Ia mengungkapkan, data sementara menyebutkan ada sekitar 125 rumah bersama fasilitas pendukung lainnya yang ludes terbakar dan, nyaris tidak ada yang bisa diselamatkan. Mengingat, rumah dan fasilitas pendukung yang ada di Kampung Adat Sade terbuat dari kayu dengan atap alang-alang. Sehingga hanya dalam hitung kurang dari satu jam seluruh area kampung sudah habis terbakar.
Saat kejadian warga hanya fokus menyelamatkan nyawa dan nyaris tidak ada kesempatan untuk menyelamatkan harta benda yang tersimpan dalam rumah. “Hampir semua ikut terbakar,” ungkapnya.
Saat ini, lanjut Ketua DPD Partai Gerindra NTB ini, Pemkab Loteng bersama pihak terkait lainnya tengah berjibaku menangani warga yang terdampak. Sehingga terkait penanganan kebakaran serta rekonstruksi kampung adat tersebut belum diputuskan, karena nanti akan dibahas bersama secara terpisah.
“Soal rencana penataan, rekonstruksi dan lainnya nanti akan dibahas kemudian. Fokus kita sekarang menangani warga terdampak. Supaya apa yang dibutuhkan terpenuhi selama masa tanggap darurut,” imbuh Pathul.
Lebih lanjut Pathul menambahkan, warga yang terdampak kebakaran sendiri saat ini banyak yang tinggal sementara di rumah saudara maupun keluarganya. Karena warga Kampung Adat Sade rata-rata memiliki keluarga yang bertempat tinggal tidak jauh dari lokasi kebakaran. Mereka inilah yang nantinya akan mendapat penanganan.
“Untuk pastinya berapa jumlah warga yang terdampak sedang dilakukan pendataan,” imbuhnya seraya menyampaikan apresasi kepada semua pihak yang telah membantu dan peduli dengan musibah kebakaran yang melanda kampung adat Sade.
Disinggung nilai kerugian materil dari kebakaran tersebut, Pathul menegaskan juga belum bisa dipastikan. Yang jelas besar. Dan, bukan hanya kerugian materil saja. Tetapi juga kerugian non material.
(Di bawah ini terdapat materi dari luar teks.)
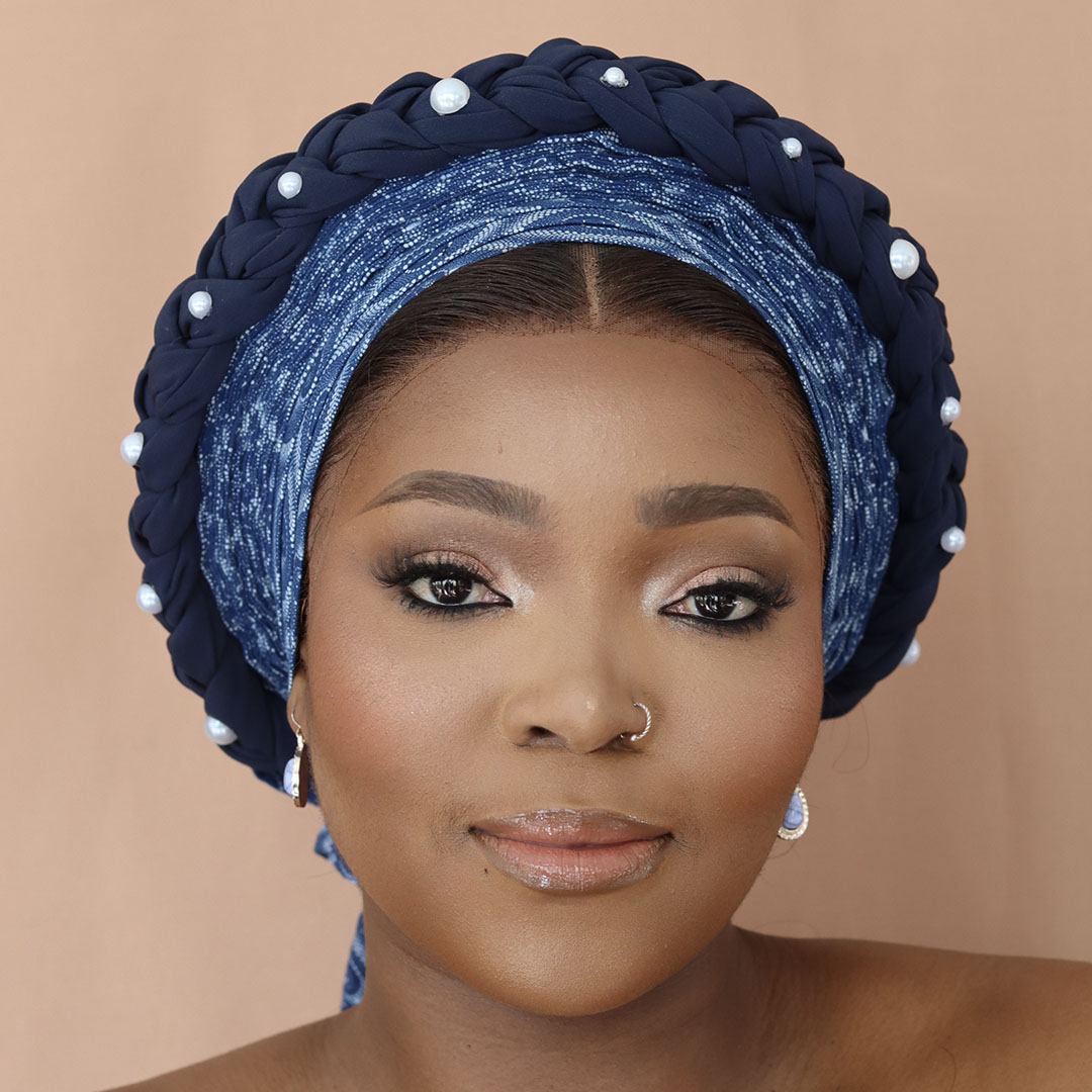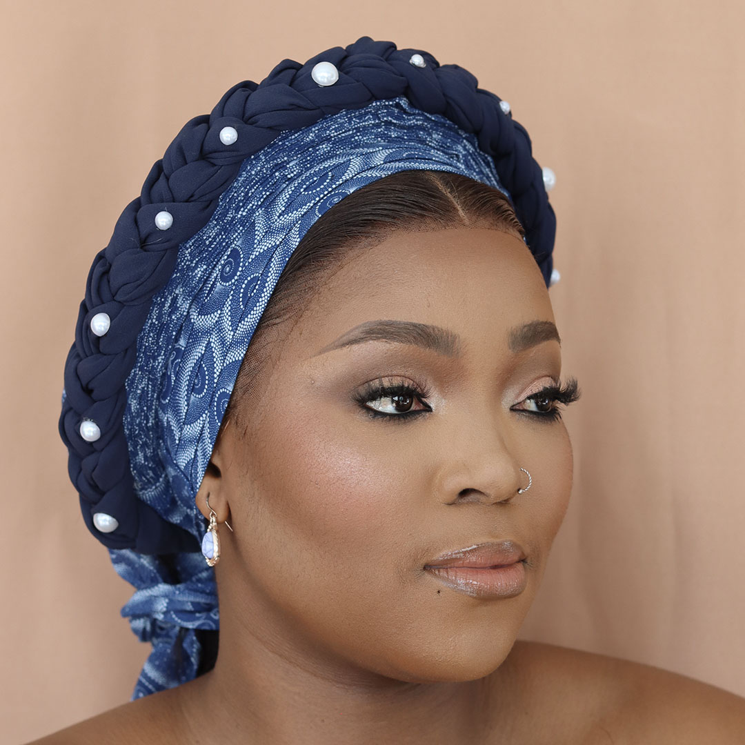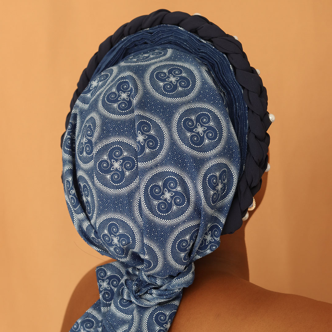 Fabric : Sishweshwe pattern with a braided satin cloth and flat beads

Mengingat, kampung Sade merupakan salah satu kampung adat ikonik milik Loteng dan selama ini menjdi salah satu destinasi wisata budaya unggulan di daerah ini. Karena memiliki nilai histori dan sejarah yang tinggi yang mungkin tidak bisa diukur dengan materi.
Sementara itu Kapolresta Loteng Kombes Pol. Hariyanto, yang dikonfirmasi terkait penyebab kebakaran menegaskan hingga saat ini belum bisa dipastikan. Tim penyidik kepolisian masih melakukan olah TKP guna mengetahui dugaan awal penyebab kebakaran hebat tersebut.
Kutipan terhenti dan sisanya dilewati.